Welcome to Curbed's ongoing series titled Hidden History, where Curbed highlights a Bay Area location with a secret past. Maybe it's no longer there, maybe it's been converted into something else, but each spot holds a place in Bay Area history - even if not many people know it. Have a suggestion or know a place with a secret history? The tipline's always open or you can leave a comment after the jump.

Amidst the stucco buildings along 19th Avenue in the Sunset sits the massive Vintage at Golden Gate senior living community. Established in 2002, the senior housing project was the happy ending to a battle between developers and neighborhood advocates hell bent on saving the former San Francisco Shriners' Hospital for Crippled Children.

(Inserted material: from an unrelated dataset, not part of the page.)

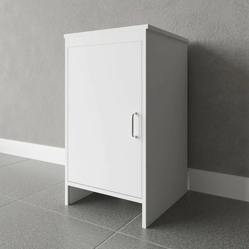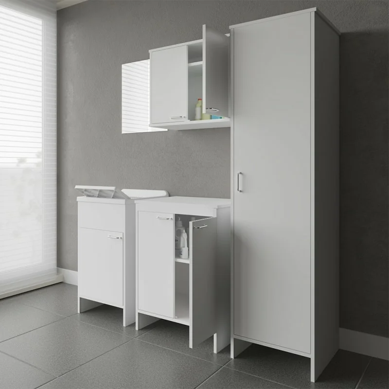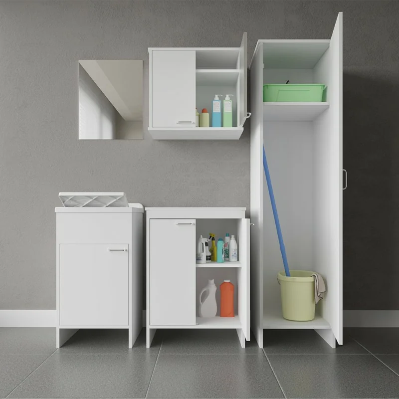 Il mobile multiuso è pratico e comodo,ideato per una maggiore organizzazione degli oggetti lavanderia:dispone di anta a battente con pratica maniglia cromata e ripiano interno. L’installazione in appoggio al pavimento è l’ideale per pareti che non consentono il fissaggio sospeso.
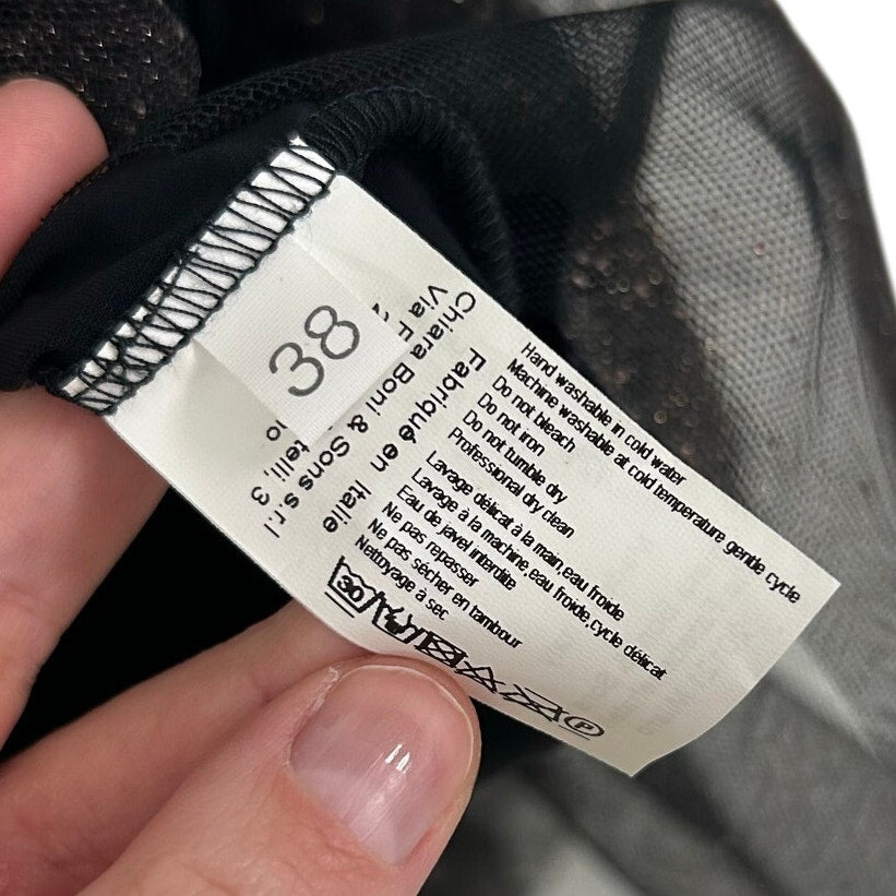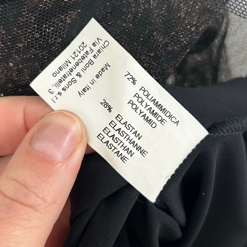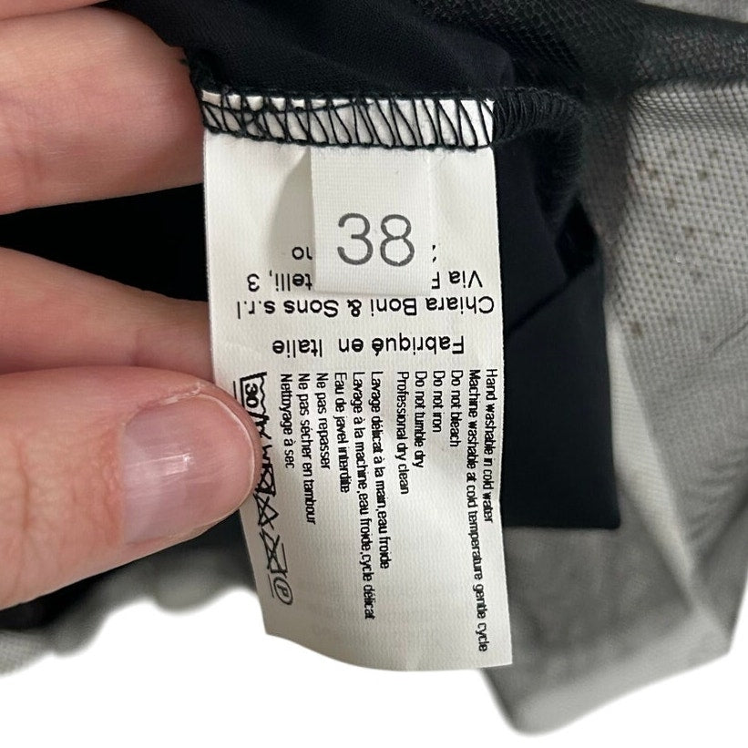 NWT Chiari Boni Black Deidre Illusion Print Bell Sleeve Top Womens 38 / US 2

The hospital was built in 1922 as a hospital for children by the Shriners, a side order of Freemasons, and designed by Weeks and Day (of Mark Hopkins Hotel fame). At a time when most of the Sunset was still sand dunes, the massive Italian Renaissance hospital was an imposing structure. It was built as one of 10 Shriners' hospitals in the US in the 1920s, all part of Shriner campaign to create a chain of orthopedic hospitals for crippled children. The first was built in Shreveport, Louisiana, and the SF hospital was the third. Treatment at the hospitals was free and limited to patients under 14 years old whose parents couldn't pay at traditional hospitals (and open to children of all races, pretty revolutionary at the time).

[Photos via SAN FRANCISCO HISTORY CENTER, SAN FRANCISCO PUBLIC LIBRARY]

A new wing was added in 1970, and the old hospital was converted into administrative offices. By the late 1990s, the Shriners had built a new hospital in Sacramento and looked to sell the 19th Avenue site. A development proposal by Catellus Residential Group called for razing the two-block site for 152 residential units in two- and three-story attached flats and townhouses. Neighbors and preservationists freaked, and lobbied to get the site landmarked. They succeeded in 1998, with the original 1922 hospital building and landscaping along 19th Ave protected as City Landmark #221. The Shriners weren't happy, but within a year a new project was proposed that called for demo of that non-historic rear 1970 addition in favor of a new four-story building and rehab of the 1922 building for 120 senior assisted living units. Designed by BAR Architects, the new project with the subdued rear addition made everyone happy . Most of the interior of the old hospital was already messed up, allowing for an easy conversion to housing. However the second floor
nurses' library and the living room were intact, so they were restored to feature the original beamed ceiling, ceiling molding, an original tile fireplace, and window and door trim.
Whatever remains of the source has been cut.